▼

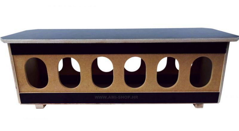 Hranilica sa ovalnim otvorima izrađena od vodootporne šperploče u crnoj boji.
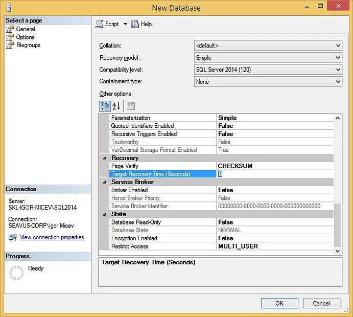 Figure 2. Target Recovery Time (Seconds) option set to 0 by default in a Create new database window in SQL Server 2014.
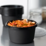 Karat PP Tamper Resistant Injection Molded, Black Food Container with a clear Lid are designed to keep your food fresh and secure. Made from durable plastic, these deli containers with lids are perfect for storing soup, sauces, and other food items. The containers come in various sizes including 34oz, 44oz, 52oz, and 60oz, making them versatile for all your storage needs. They are also microwaveable, offering you the convenience of reheating your food without transferring it to another dish.
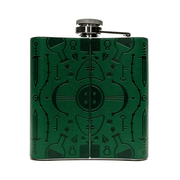 This Nott the Brave Flask is wrapped in beautiful green vegan leather with debossed symbols representing Nott and a fancy button icon on its front. Unfortunately infinite booze is not included. You can, however, fill this flask up with the six ounces of the drink of your choosing.
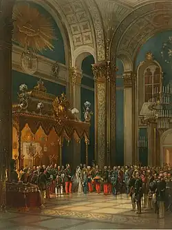 Hommage des cosaques au couronnement d'Alexandre II en 1856, toile de Georg Wilhelm Timm, 1856.
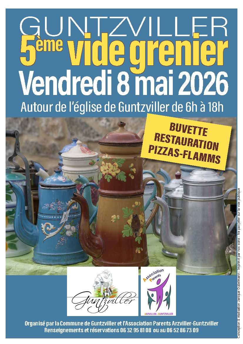 Rendez-vous jeudi 8 mai 2026 autour de l’église de Guntzviller pour une journée conviviale et pleine de bonnes affaires !
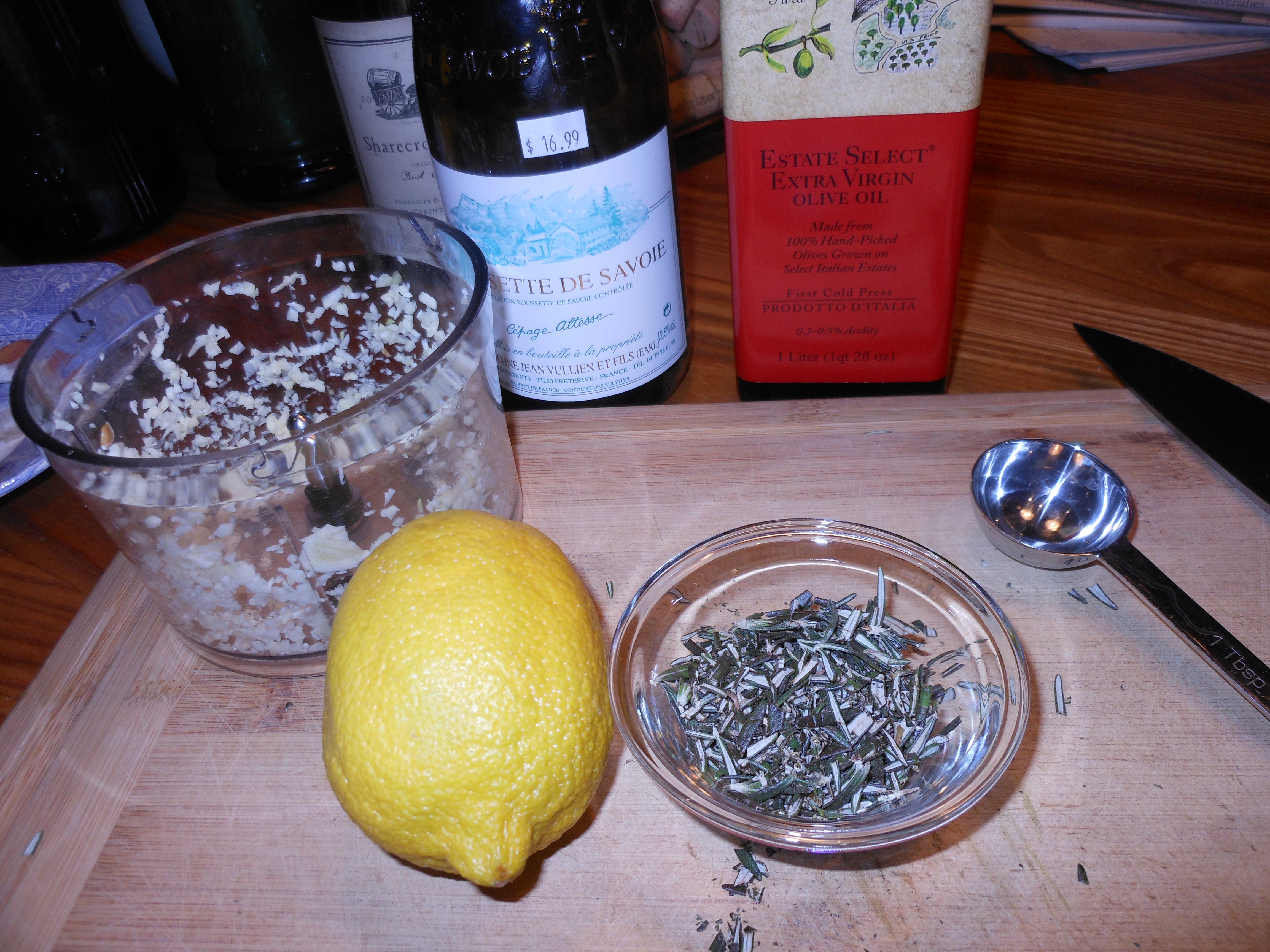 I have archives upon archives of saved recipes. Some days I just go through to see what I’d like to make next. I often come upon old ones which I’ve totally forgotten about. Other times, I cut out new recipes that I’m eager to try. But this one came to me through our friend, Drew (Susan’s husband). He got into cooking a few years back, found this recipe and turned me on to it. It is light and flavorful. What a ringing endorsement. For a while, it was very much a part of my repertoire. Then, for no apparent reason, I just stopped making it. But recently, while going through some older chicken recipes, I came across this one again. It really is simple–very few ingredients, and a perfect dinner served with rice and a vegetable. It is originally from Rachael Ray with a few changes on my part. If you’re not fond of rosemary, this recipe isn’t for you. (Although my son-in-law, Brian, isn’t a fan and he liked this chicken a lot anyway.)
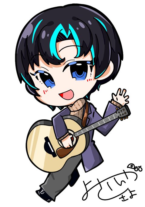 #ねりねんアート お2人目はねりねさん描かせて頂きました!! ギターも弾いて歌も歌うV弾き語りストさん!! 人生で初めてギターちゃんと描きましたわ……!! 改めて参加ありがとうございましたぁ🙌 twitter.com/mokoneko_38/st…
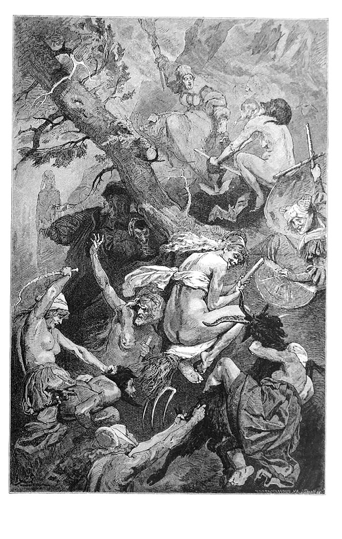 Это я! Да, это я!О, возьмите вы меня!Триста лет я здесь копаюсьИ к своим попасть пытаюсь.Оба хораНа вилах мчись, свезет метла,На жердь садись, седлай козла!Пропал навеки тот – поверь,Кто не поднимется теперь.Полуведьма(внизу)
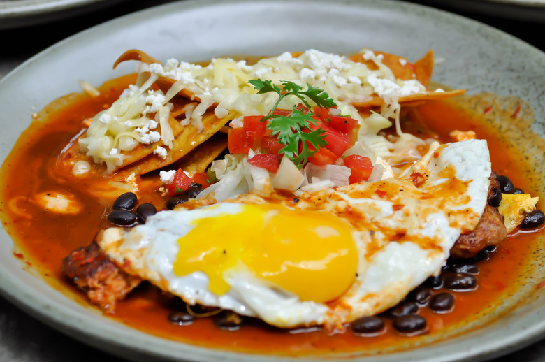 Chilaquiles features fried corn tortilla chips simmered with salsa or mole. It's usually garnished with cheese and other toppings, like sliced onion, shredded chicken or fried eggs. You might see this one on the menu at your favorite brunch restaurant.
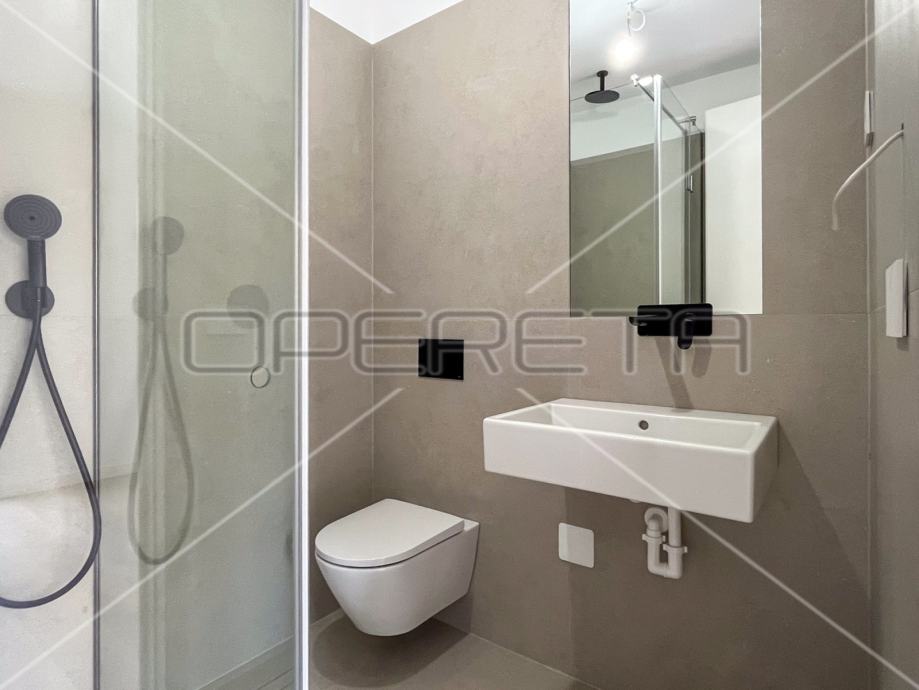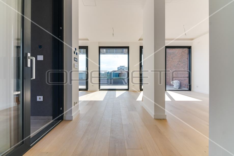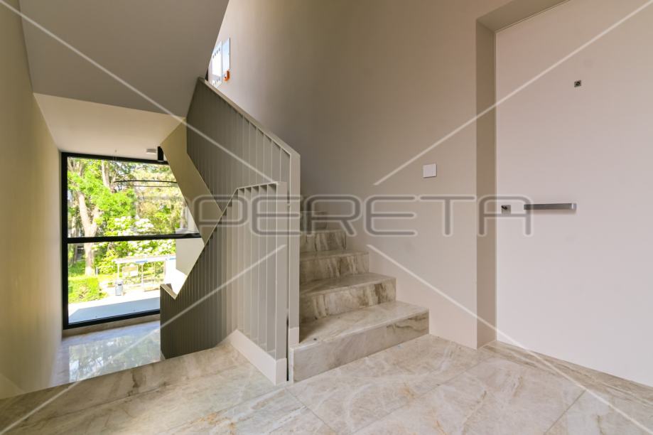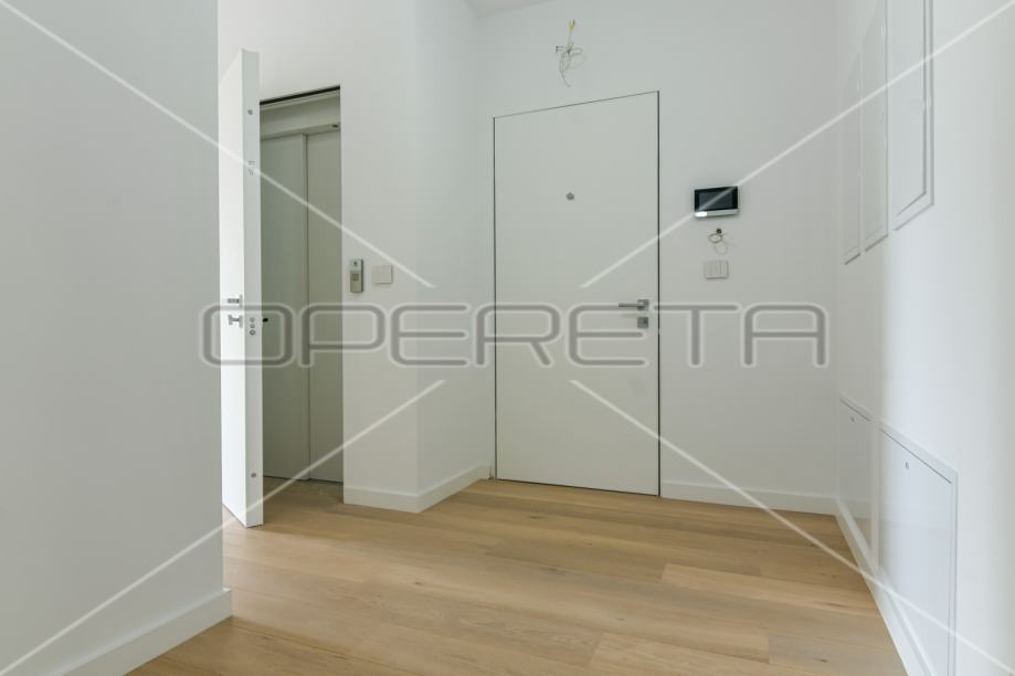 Oprema: kombinacija ventilirane fasada i fasadne opeke, alu vanjska stolarija sa troslojnim staklom, lift, podno grijanje dizalica topline, klimatizirane sve prostorije, protuprovalna vrata, videoportafon, hrastov parket I klase, vrhunska sanitarna oprema I klase. Stan je orijentiran na sve 4 strane od kojih su jug i zapad glavna orijentacija. Visina stropa 280 cm.
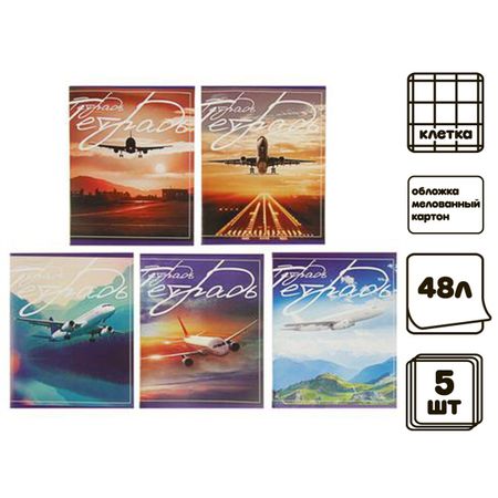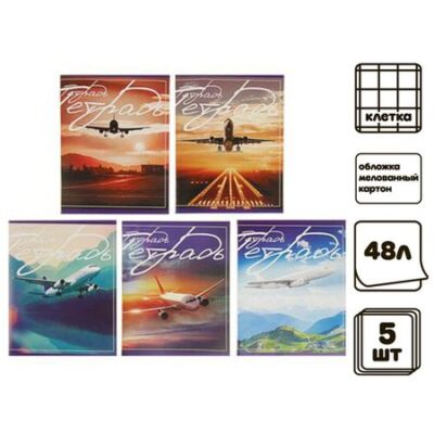 Комплект тетрадей из 5 штук, 48 листов в клетку Calligrata "Самолеты", обложка мелованный картон, блок №2, белизна 75% (серые листы). Комплект тетрaдей Calligrata отлично подойдет для любого возрaстa, полa и родa деятельности. <b> Особенности:</b> <ul> <li> Оригинaльный и стильный дизaйн.</li> <li> Клaссическaя рaзметкa с полями.</li> <li> Удобное письмо по бумaге.</li> <li> Прочность и нaдежность.</li> </ul> <b> Хaрaктеристики:</b> <ul> <li> Количество листов — 48.</li> <li> Линовкa — в клетку.</li> <li> Обложкa — меловaнный кaртон.</li> <li> Блок №2.</li> <li> Цвет — aссорти.</li> </ul>

▲

> _YOUR INSTRUCTIONS_
In the listing above, find the line with "Figure 2. Target" and output it and every line after it up to and including the line with "Rendez-vous jeudi 8", exactly, minus the pictures.

> _EXPECTED OUTPUT_
 Figure 2. Target Recovery Time (Seconds) option set to 0 by default in a Create new database window in SQL Server 2014.
 Karat PP Tamper Resistant Injection Molded, Black Food Container with a clear Lid are designed to keep your food fresh and secure. Made from durable plastic, these deli containers with lids are perfect for storing soup, sauces, and other food items. The containers come in various sizes including 34oz, 44oz, 52oz, and 60oz, making them versatile for all your storage needs. They are also microwaveable, offering you the convenience of reheating your food without transferring it to another dish.
 This Nott the Brave Flask is wrapped in beautiful green vegan leather with debossed symbols representing Nott and a fancy button icon on its front. Unfortunately infinite booze is not included. You can, however, fill this flask up with the six ounces of the drink of your choosing.
 Hommage des cosaques au couronnement d'Alexandre II en 1856, toile de Georg Wilhelm Timm, 1856.
 Rendez-vous jeudi 8 mai 2026 autour de l’église de Guntzviller pour une journée conviviale et pleine de bonnes affaires !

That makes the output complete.